OrbiMed Acquires Shares and Warrants in Shattuck Labs (STTK) Financing
Rhea-AI Filing Summary
OrbiMed-affiliated reporting persons purchased securities of Shattuck Labs (STTK) in a private placement that closed on 08/25/2025. They acquired an aggregate of 6,306,127 shares and pre-funded warrants to buy up to 12,133,661 additional shares, plus common warrants exercisable for up to 18,439,799 shares. The price per share with a common warrant was $0.8677 and per pre-funded warrant with a common warrant was $0.8676. The pre-funded warrants are immediately exercisable subject to a 9.99% ownership blocker. Common warrants expire based on clinical-trial data disclosure timing described in the filing.
Positive
- Institutional participation: OrbiMed-affiliated investors committed to a sizeable private placement, signaling professional investor support.
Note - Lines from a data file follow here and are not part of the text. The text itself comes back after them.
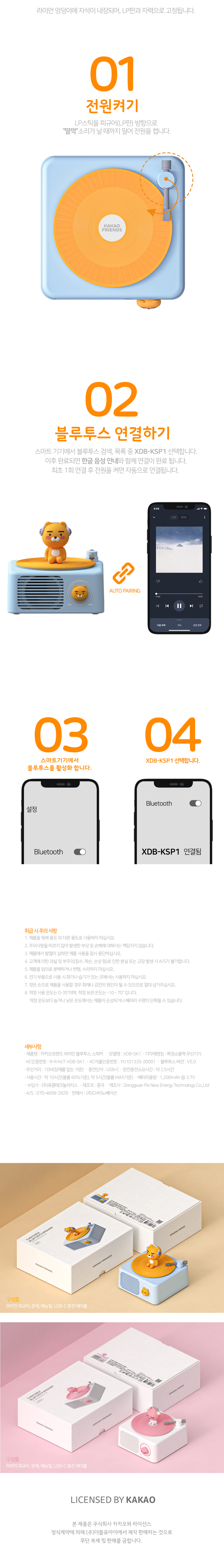 | 품명 및 모델명 | 카카오프렌즈 턴테이블 블루투스 스피커 |
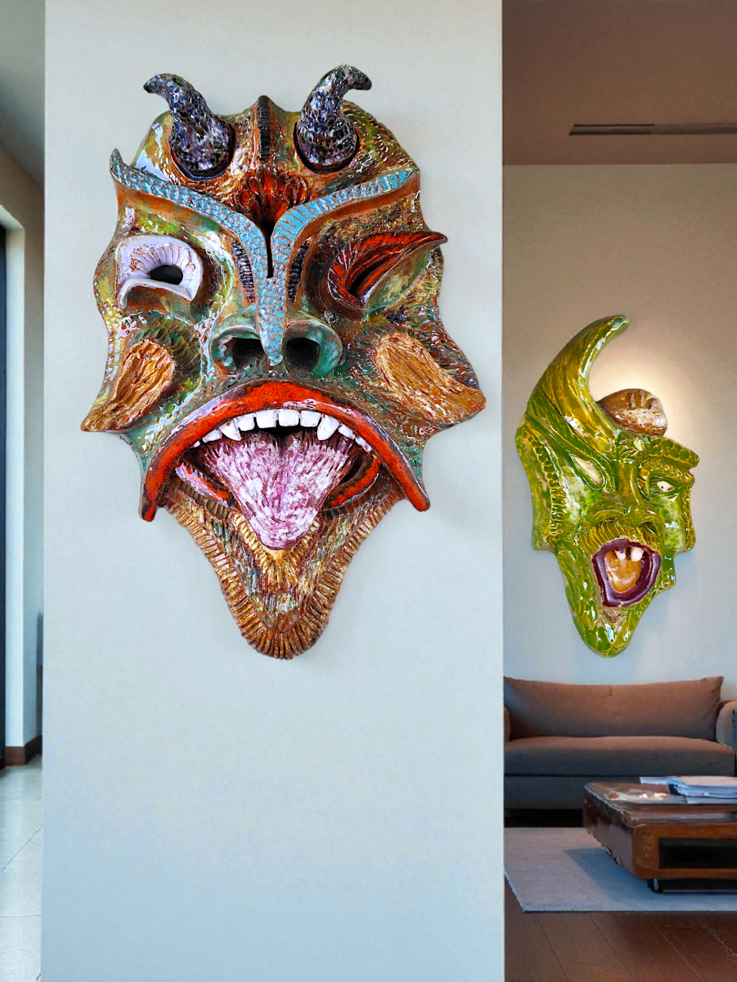 Two masks depicting horned figures. Made of ceramic or ceramic-like material by an unknown artist.
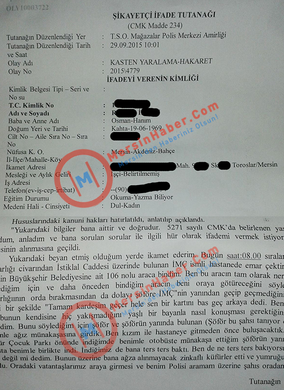 Mersin’de kendisini ineceği durakta durmayarak bir diğer durakta indireceğini belirten Şoför ve yanında bulunan arkadaşı ile yaşlı kadın arasında çıkan sözlü tartışmada, iddiaya göre şoförün yanında bulunan şahıs yaşlı kadını darp ederek kaçtı.
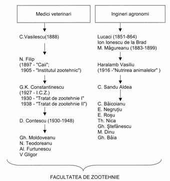In figura 3 sunt prezentate cele doua filiatii de fondatori ai domeniului, cu principalele lor realizari, pana la aparitia Facultatii de Zootehnie.
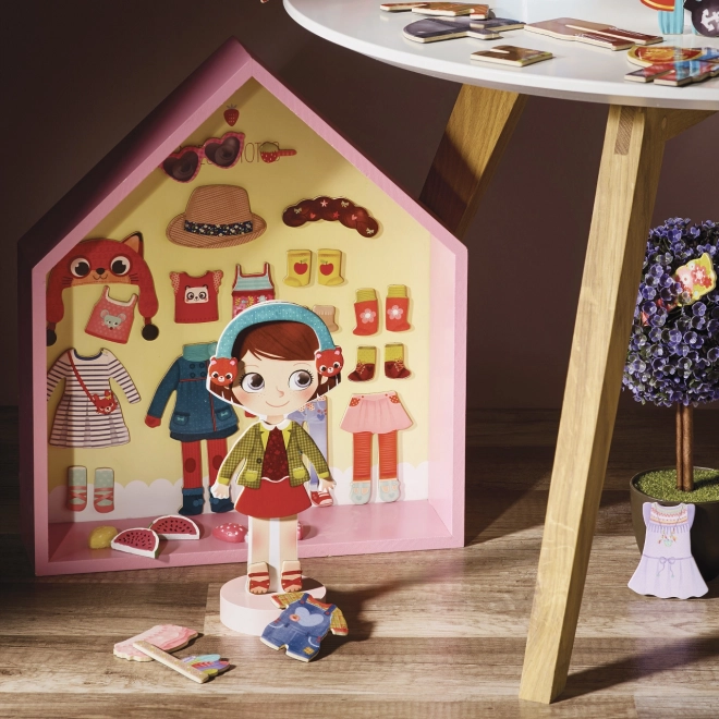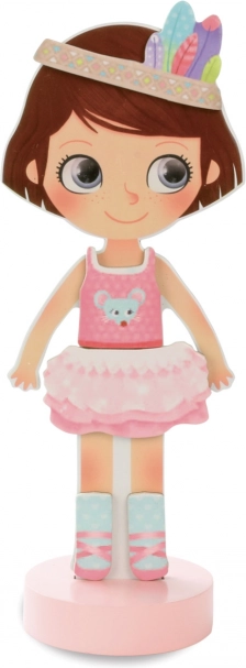 Magnetna punčka za oblačenje Chloe je idealna igrača za otroke, ki imajo radi modo in stil. Stabilen leseni podstavek zagotavlja udobno oblačenje in predstavitev oprav. Z bogatim kompletom magnetnih kosov je mogoče kombinirati nešteto videzov – od oblek in jaken do kap in čevljev.
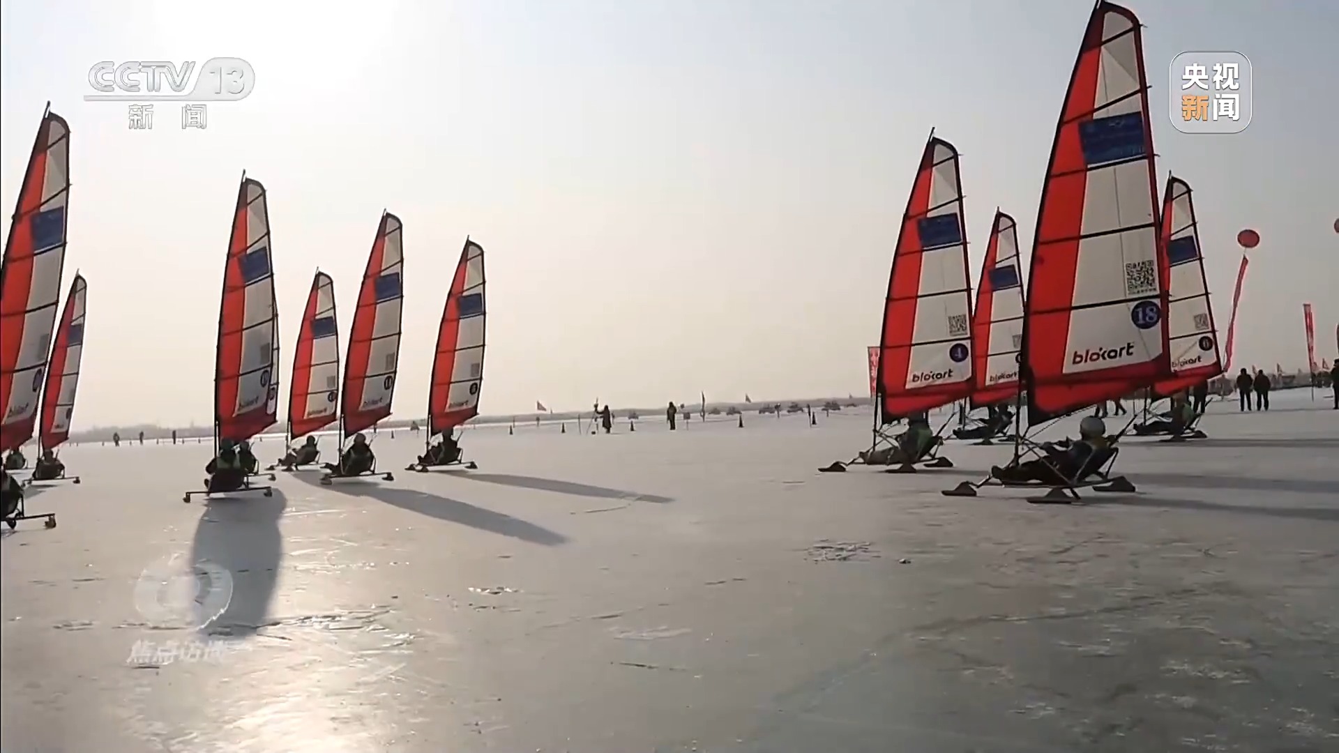 記者抵達(dá)時,正好趕上博斯騰湖第十八屆冰雪季開幕,同時也是冰上帆船運動首次在這里“揚帆起航”。

- Immediate equity and optionality: Acquisition includes both common shares and exercisable pre-funded warrants, providing ownership now and future conversion flexibility.
Negative
- Potential dilution: Large aggregate warrant coverage (up to 12,133,661 pre-funded warrant shares and 18,439,799 common warrant shares) could significantly increase share count if exercised.
- Ownership blocker complexity: Exercise subject to a 9.99% beneficial ownership blocker, which may complicate timing and governance outcomes.
Insights
TL;DR: OrbiMed materially increased potential ownership through a private placement with sizeable share and warrant positions.
OrbiMed entities participated in a private placement acquiring immediate equity and extensive optionality via pre-funded warrants and common warrants. The combined instruments potentially convert into substantial common shares, representing a meaningful equity stake expansion if exercised. The $0.8677 unit pricing and the 9.99% beneficial ownership blocker are notable for governance and conversion pacing. For investors, this signals institutional support and a financing that adds dilution risk if warrants are exercised.
TL;DR: Transaction is routine for private placements but raises standard governance and disclosure flags.
The Form 4 discloses joint filing by OrbiMed Advisors, GP IX, and Genesis GP and explains record ownership through limited partnerships. Designation of an OrbiMed representative on the board is noted. The reporting persons disclaim beneficial ownership except for pecuniary interest, consistent with standard adviser/GP structures. The filing is informational; it clarifies relationships and voting/investment power without asserting direct beneficial ownership.
Insider Trade Summary
| Type | Security | Shares | Price | Value |
|---|---|---|---|---|
| Purchase | Pre-Funded Warrants (right to buy) | 10,111,384 | $0.00 | -- |
| Purchase | Pre-Funded Warrants (right to buy) | 2,022,277 | $0.00 | -- |
| Purchase | Common Warrants (right to buy) | 15,366,490 | $0.00 | -- |
| Purchase | Common Warrants (right to buy) | 3,073,298 | $0.00 | -- |
| Purchase | Common Stock | 5,255,106 | $0.8677 | $4.56M |
| Purchase | Common Stock | 1,051,021 | $0.8677 | $912K |
Footnotes (1)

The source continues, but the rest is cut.